This project is aimed at classifying images into three categories: Catch, Clap, and Hammering. The model is built using a neural network (NN) classifier with early stopping to prevent overfitting and improve generalization. The dataset is split into training and testing sets, with transformations applied to resize images to 64x64 pixels and convert them to tensors. The model is trained using a cross-entropy loss function and an SGD optimizer.
- Python 3.x
- PyTorch
- NumPy
- Matplotlib
The dataset consists of images from three categories:
- Catch
- Clap
- Hammering
These images are organized into folders for training and testing. The training data is used to train the neural network, while the testing data is used to evaluate the model's performance.
- Image Preprocessing: Images are resized to 64x64 pixels and converted into tensor format for model input.
- Early Stopping: The EarlyStoppingCriterion class monitors validation loss, and the training process is stopped early if no improvement is observed over a specified number of epochs (patience).
- Model Architecture: The model consists of several fully connected layers with ReLU activation and batch normalization.
- Training and Testing: The training process includes calculating the training loss, training accuracy, and test accuracy. Results are plotted to visualize the model's performance.
The images are resized to 64x64 pixels, and the pixel values are normalized. The dataset is split into training and testing sets with an 80-20 ratio using the splitfolders library.
The model is a fully connected neural network with the following layers:
- Input Layer: Linear transformation to 1024 units
- Hidden Layers: 4 fully connected layers with ReLU activation and batch normalization
- Output Layer: A linear layer with 3 units (one for each class)
An early stopping mechanism is implemented to prevent overfitting. If the validation loss does not improve for a specified number of epochs (patience), the training stops early.
The model is trained for a maximum of 10 epochs. The training loss and accuracy are printed at the end of each epoch, along with the test accuracy. The early stopping mechanism will stop the training once the validation loss stops improving.
The training and test accuracy, as well as the training loss, are plotted after the training process completes.

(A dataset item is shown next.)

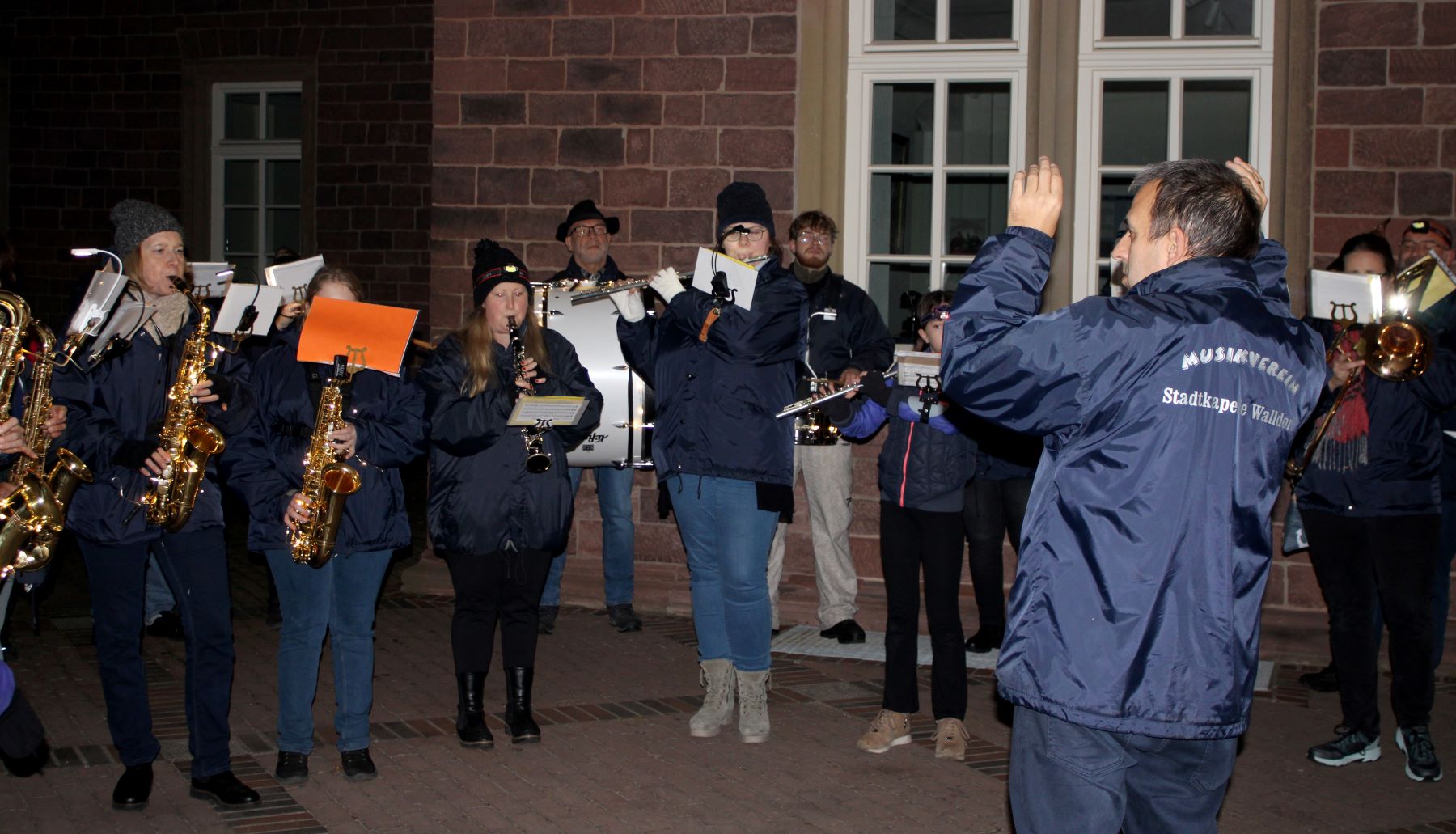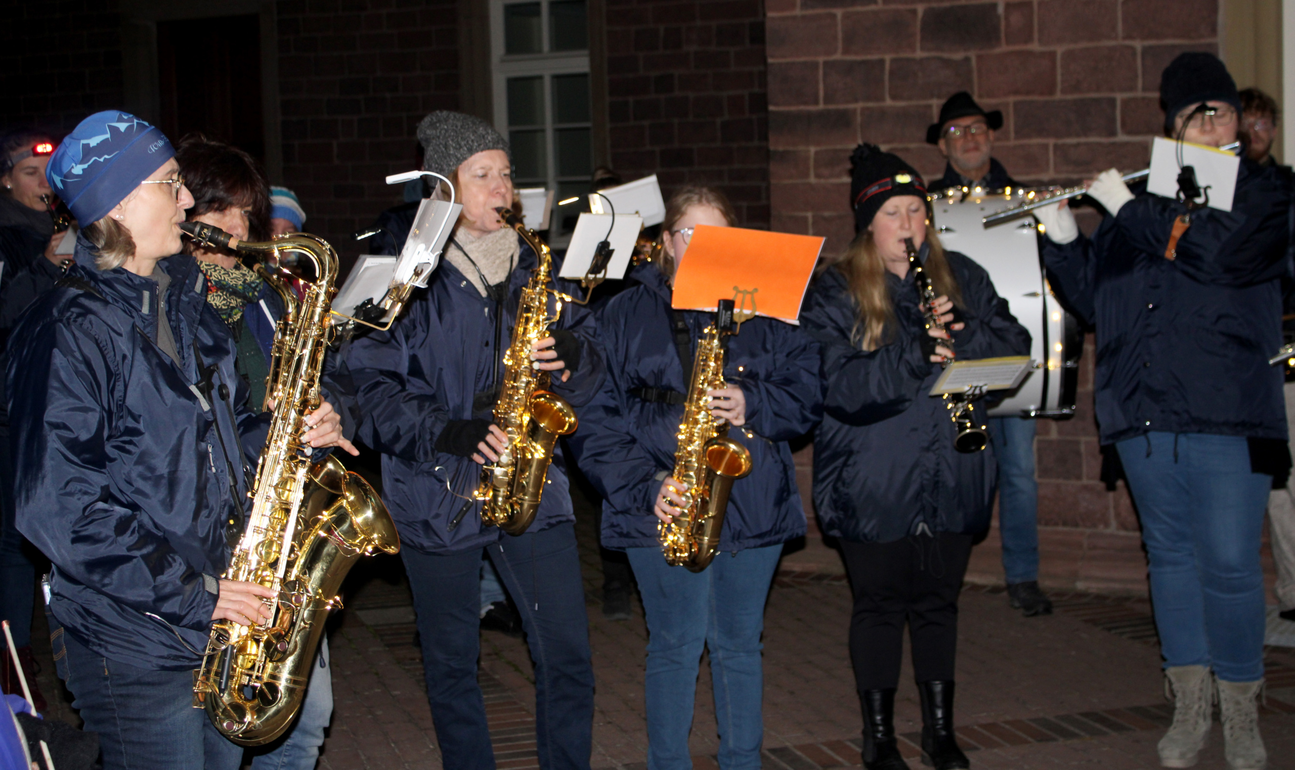 Während sich die Kinder der Theater-AG der Waldschule noch vorbereiten, stimmt der Musikverein Stadtkapelle auf den bevorstehenden Auftritt schon einmal musikalisch ein. Mit Klassikern wie „Laterne, Laterne“ oder „Sankt Martin“ setzt man auf altbekanntes und beliebtes Liedgut. Vor der Bühne hinter dem Astorhaus haben sich bereits Dutzende Menschen versammelt, um das Martinsspiel zu verfolgen, das den Martinszug traditionell einleitet.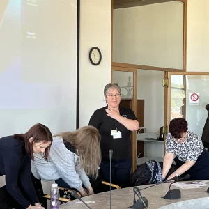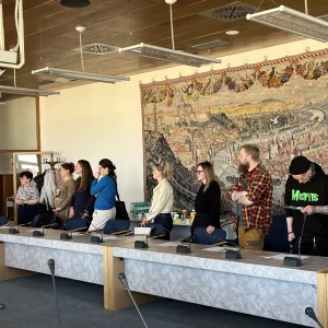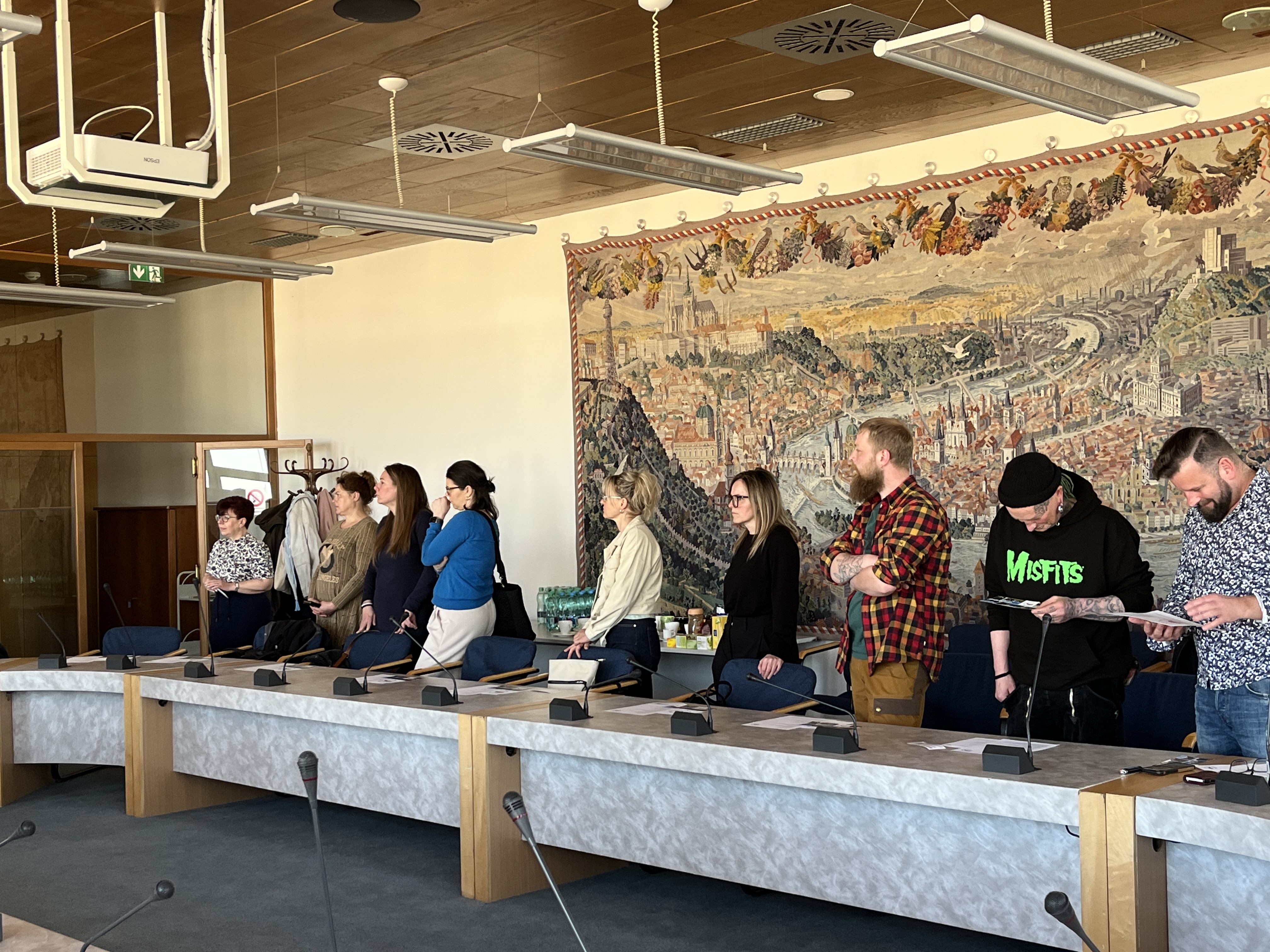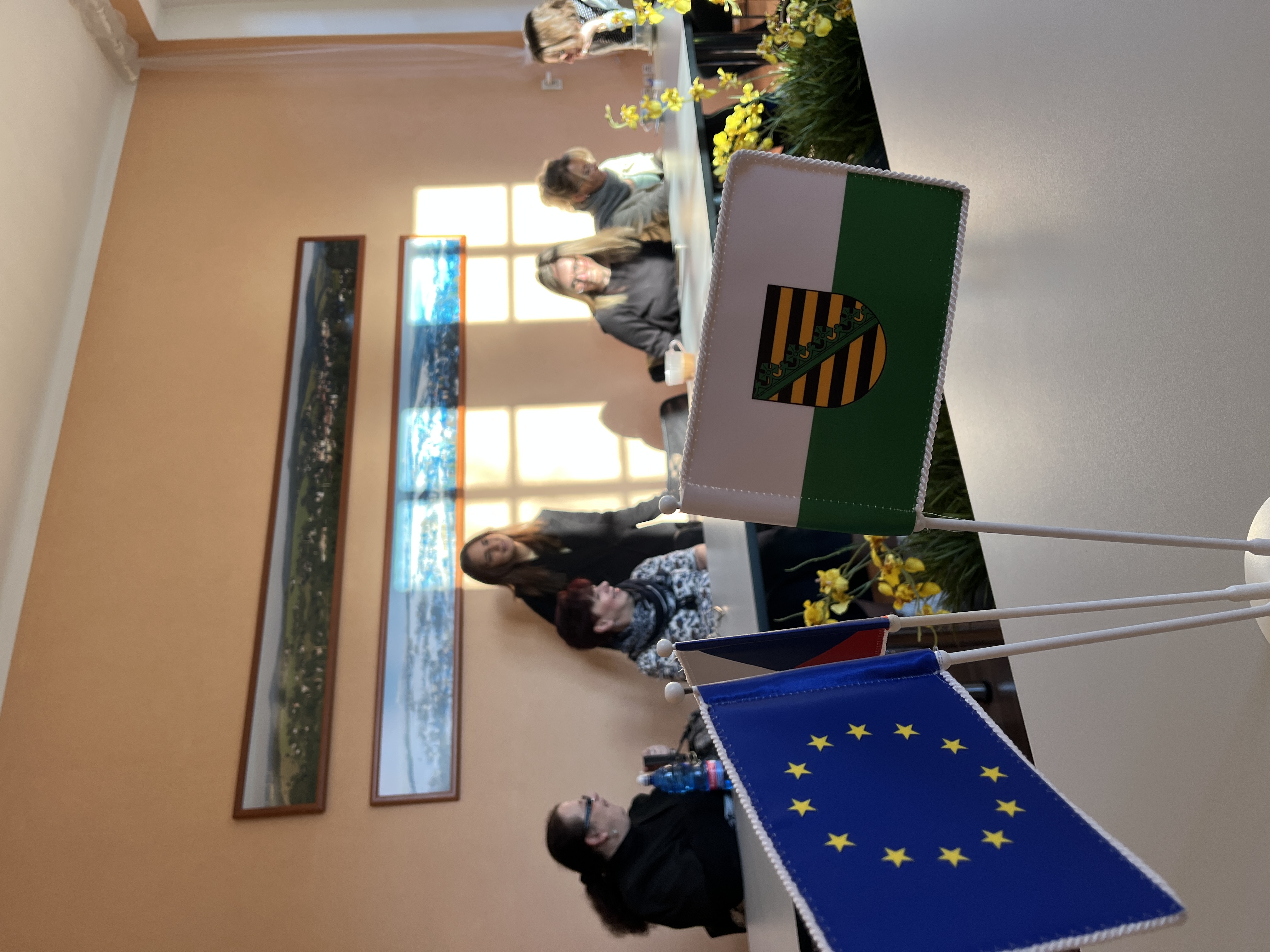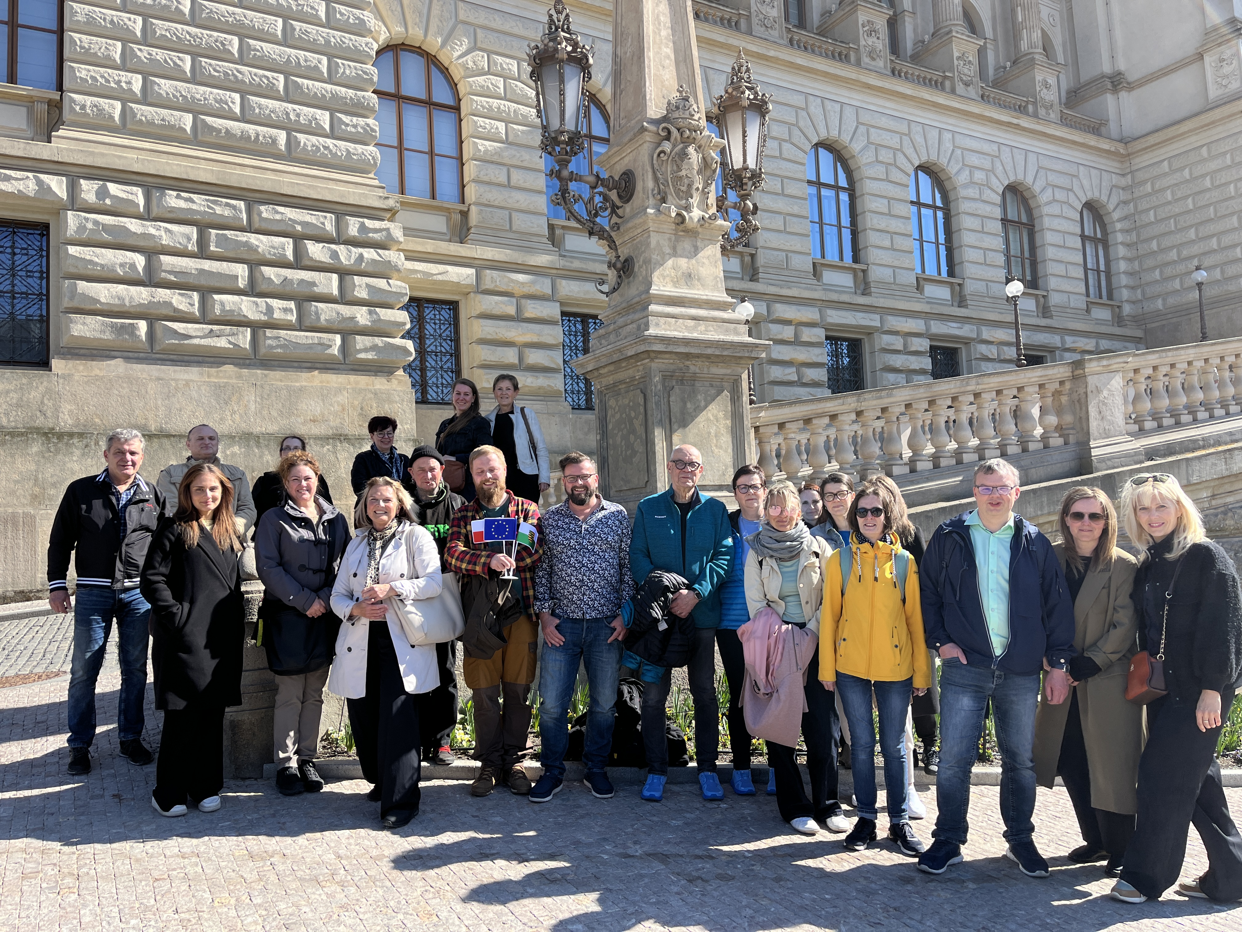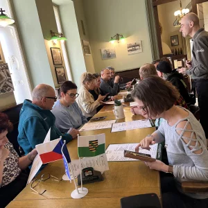 Am 22. April 2026 begaben sich 22 Vertreter der Gemeinden Vejprty und Bärenstein auf eine Exkursion nach Prag, um beim Klub für tschechisch-deutsche Partnerschaft bewährte Praktiken kennenzulernen. Sie trafen sich mit der Vorsitzenden des Vereins, Frau Lenka Šaldová, die einen sehr interessanten, anregenden und inspirierenden Workshop vorbereitet hatte, und zwar direkt im Neuen Gebäude des Nationalmuseums, das früher Sitz der Abgeordnetenkammer der Tschechischen Republik war. Der Erfahrungsaustausch zur grenzüberschreitenden Zusammenarbeit fand somit in einer wunderschönen Umgebung mit einem außergewöhnlichen Blick auf die Hauptstadt statt. Das Team erhielt zahlreiche wertvolle Informationen über die Funktionsweise der grenzüberschreitenden Zusammenarbeit des Vereins, über die Entwicklung des Vereins seit seinen Anfängen, aber auch wichtige Ratschläge zur Rechtsform dieser Einrichtung und zu praktischen Fragen wie der Buchführung und der Finanzierung der eigenen Aktivitäten. Die Diskussion wurde auch beim gemeinsamen Mittagessen fortgesetzt. Viele der gewonnenen Erkenntnisse werden die Mitglieder der Delegation in die Arbeitsgruppen einbringen, die uns im weiteren Verlauf des Projekts erwarten.

Sample results from the training:
Displays the training loss per epoch.
The model achieved a training accuracy of 96.83% and a test accuracy of 96.88%, with the test accuracy slightly exceeding the training accuracy. This can be attributed to the use of regularization techniques like early stopping, which helped prevent overfitting and allowed the model to generalize better to the test set. Overall, the model performs well, demonstrating robust generalization and effective image classification.